Генерал осторожно коснулся рукой лежавшего на столе листка бумаги – последней записки Берии. Павел выпросил ее для себя и всегда держал под рукой. Невесомое, словно парящее над землей здание, неровные строчки, которые оба давно знали наизусть.
– Дурачье неотесанное, – горько усмехнулся Кудрявцев. – Видишь ли, врагам народа могила не положена. Поэтому тела они сжигают, а пепел выбрасывают. Прошло пять месяцев, за это время могилой Лаврентия стала вся страна, теперь нет таких способов, чтобы их разлучить. Дурачье… И, кстати, насчет другого аспекта его завещания, того, который касается тебя – работы в «службе № 1». Я по этому поводу и приехал. Рекомендация у тебя самая лучшая, я к ней прибавил еще свою – поэтому если хочешь там работать, можешь считать, вопрос решен. Правда, названия этого больше нет. Теперь атомные объекты охраняет 10-й спецотдел МВД… ну, а мы присматриваем, чтобы партия и правительство видели не больше того, что им можно видеть.
– А чем еще занимаетесь?
– Разными вещами. Успеешь узнать, ты парень перспективный. В основном ищем шпионов. Названия вот только пока не придумали. «Службой» называться больше не с руки, поскольку мы неизвестно кому служим. Хотя не в названии суть…
– СМЕРШ! – сказал Павел.
– Почему? – не понял Кудрявцев.
– Потому что смерть шпионам! В этом ведь суть вашей работы?
– Не только в этом. Но название хорошее. Надо подумать…
Георгий Максимилианович предполагал, что почти единственной задачей местного райотдела КГБ было наблюдать за его персоной. Официально он числился простым жителем Экибастуза, но не обольщался: любая попытка выехать из города будет пресечена сразу и беспощадно. Впрочем, он научился ценить малое. Когда после 1957 года[111]
его из Москвы сослали в Усть-Каменогорск, этот городок показался страшной дырой. Но по сравнению с пыльным степным Экибастузом и Усть-Каменогорск был большим городом, а должность директора ГРЭС выглядела роскошной рядом с руководством захолустной местной ТЭЦ. Но кто-то там, наверху, – и он точно знал, кто именно, – все не мог успокоиться. И теперь, после XXII съезда, на котором неуемный Хрущев вдруг снова принялся топтать уже, казалось бы, давно поверженного Сталина, ничего хорошего Маленков не ждал. И был прав. Не прошло и двух недель, как его вызвали в райотдел КГБ. По-видимому, появился «московский гость».Так оно и оказалось. В кабинете начальника райотдела сидел плотный крепыш лет сорока с лишним. На столе стояла початая бутылка коньяка.
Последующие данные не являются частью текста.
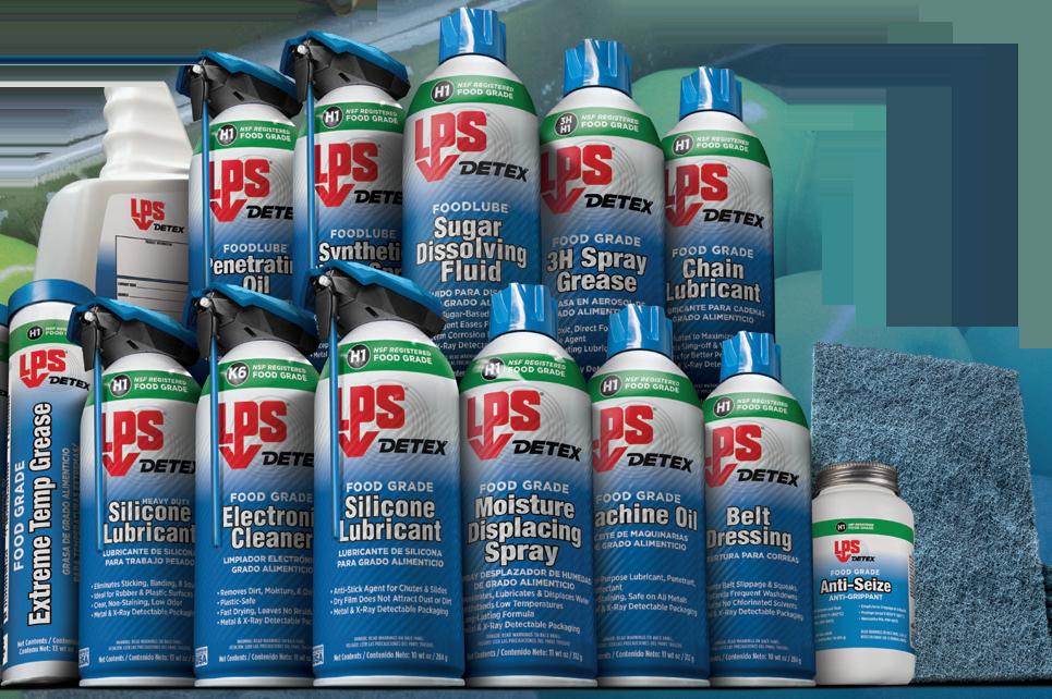 LPS® DETEX® - A full line of maintenance solutions specifically formulated for food processing facilities. These premium-performance chemicals save time and money by extending equipment life, reducing repair time, and lowering frequency of preventative maintenance all while food is in production. LPS® DETEX® plastic components are both metal & X-ray detectable to reduce the risk of foreign matter contamination.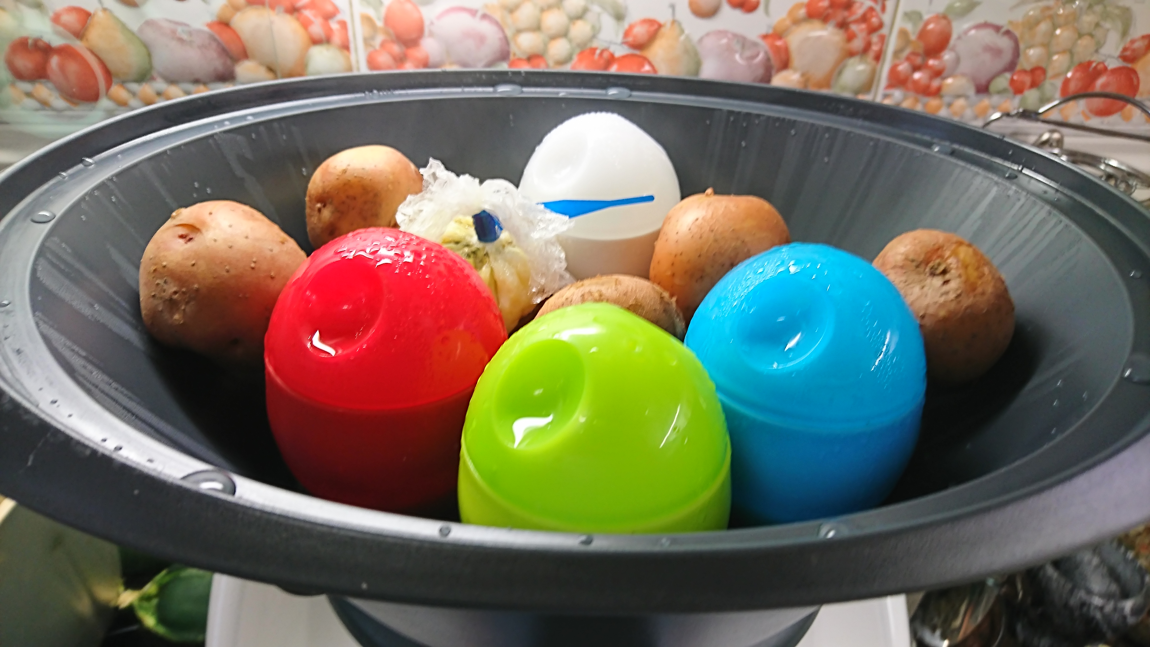 En cuatro cocotes o en cuatro paquetitos de film de cocina (cortamos cuatro cuadrados y los introducimos en cuatro flaneras) aceitadas cascamos los huevos y espolvoreamos con sal, pimienta y orégano, y tapamos o cerramos bien. Las colocamos en el varoma junto a las patatas y ponemos la tapa. Programamos 45 min / varoma / vel 2. A mitad del tiempo pararemos un momento para retirar los huevos y continuaremos con la cocción.

– Вот он, товарищ полковник, – сказал начальник. – Объект, так сказать, особой нашей заботы.
– Забота – это хорошо… – изрек крепыш. – Это по-нашему, по-советски.
– Желаете? – пригласил начальник, доставая третью стопку.
– Благодарю. Не люблю коньяк, – поморщился Маленков.
– А по нашим данным, – усмехнулся приезжий, – вы как раз любите коньяк. Впрочем, не хотите – как угодно, насильно мил не будешь. Да, коллега?
Местный босс КГБ кивнул.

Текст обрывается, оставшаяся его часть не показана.